The Central Bank of Kenya (CBK) has set September 17, 2022, as the deadline to get rid of Digital Credit Providers (DCP) who won’t have been registered with the regulator.
CBK has already set a raft of measures to regulate the sector, saying owners of these mobile lenders will also be subjected to self-audit to tame money laundering in the country.
The move comes after President Uhuru Kenyatta signed the Central Bank Act 2021, in December that placed all digital lenders under CBK.
The Act’s main aim will be to help curb the already prevalent debt shaming, which some lenders use as a way to recover their debts.
The Act will enable the regulator to grant approval before digital lenders price their products and loans. CBK will also get power to revoke licenses of digital lenders who are not compliant with the rules that have been set.
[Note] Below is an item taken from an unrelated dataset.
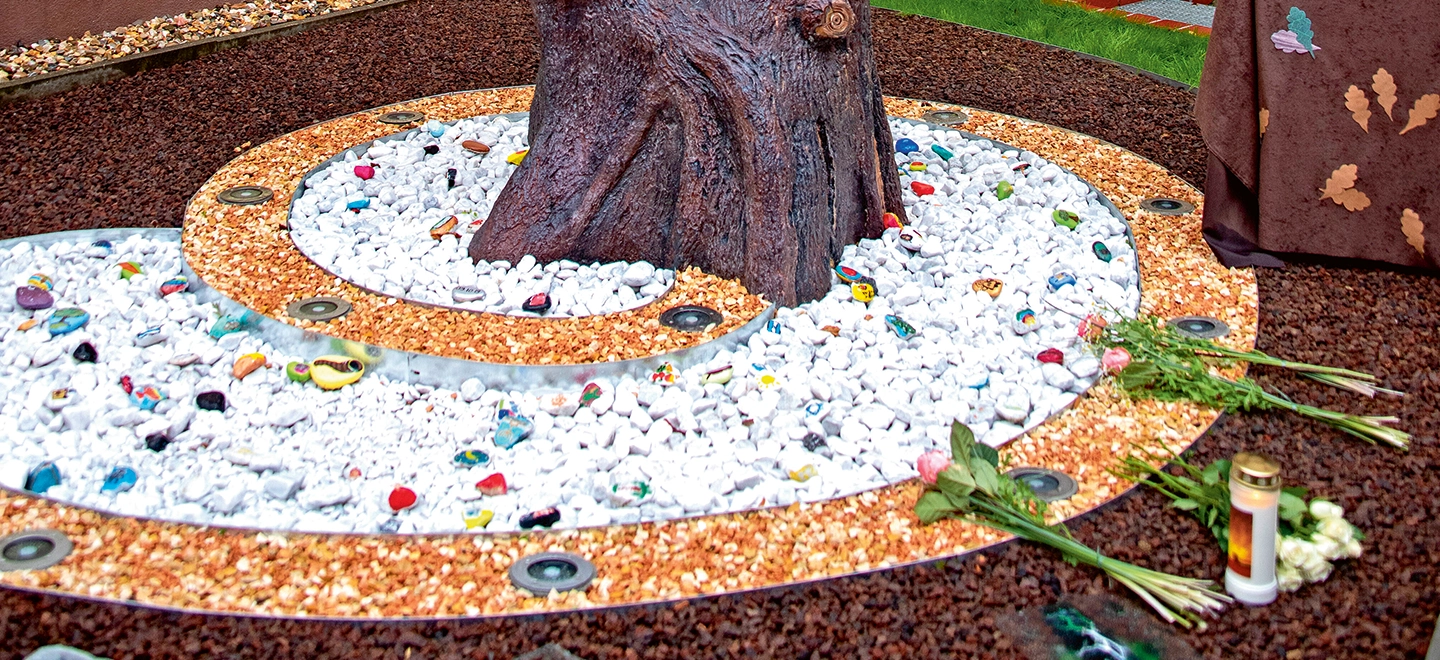 Die beschädigte Tür erinnert an den antisemitischen Anschlag auf die
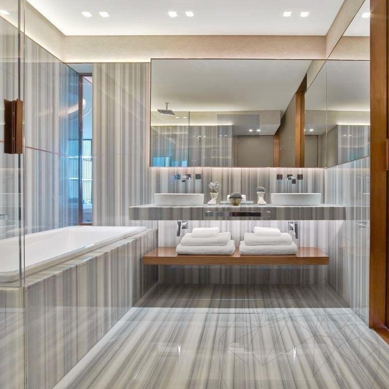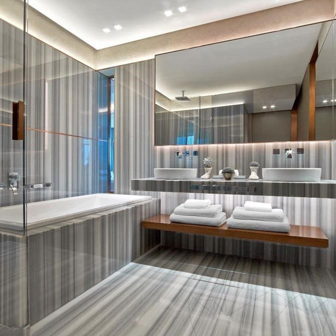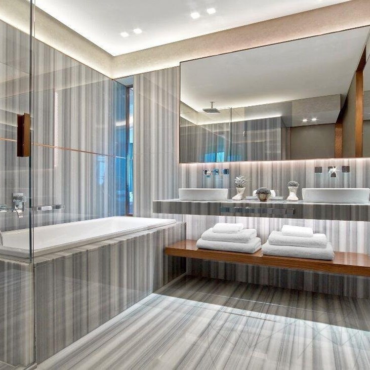 PIATRAONLINE’s product portfolio includes Equator Marble as standard size tiles – 61 x 30.5 x 1 cm – polished finish and ideal for indoor projects – bathroom, kitchen, hallway or living room – even in wet spaces. If you like this marble as much as we like it and if you have a special project, we can deliver special cut-to-size pieces for you such as: window sills, interior stairs, kitchen and bathroom countertops, furniture pieces or bathroom sinks.

Digital lenders who were previously unregulated will also be required to apply for a license within the next six months.
Some of the measures that have been put in place will require the owners of digital lending firms, as well as key stakeholders to go through a special vetting exercise.
The lenders will also be required to not only provide a tax compliance certificate, Credit Reference Bureau (CRB) report, a certificate of good conduct, but also give CBK access to documents that will provide them with information on the company’s strategy to combat with financing terrorism policies, breaching of private data and money laundering.
A provision of fund sources by digital lenders will also be a requirement, as well as the terms and conditions that will apply to an applicant should be made public to the regulator.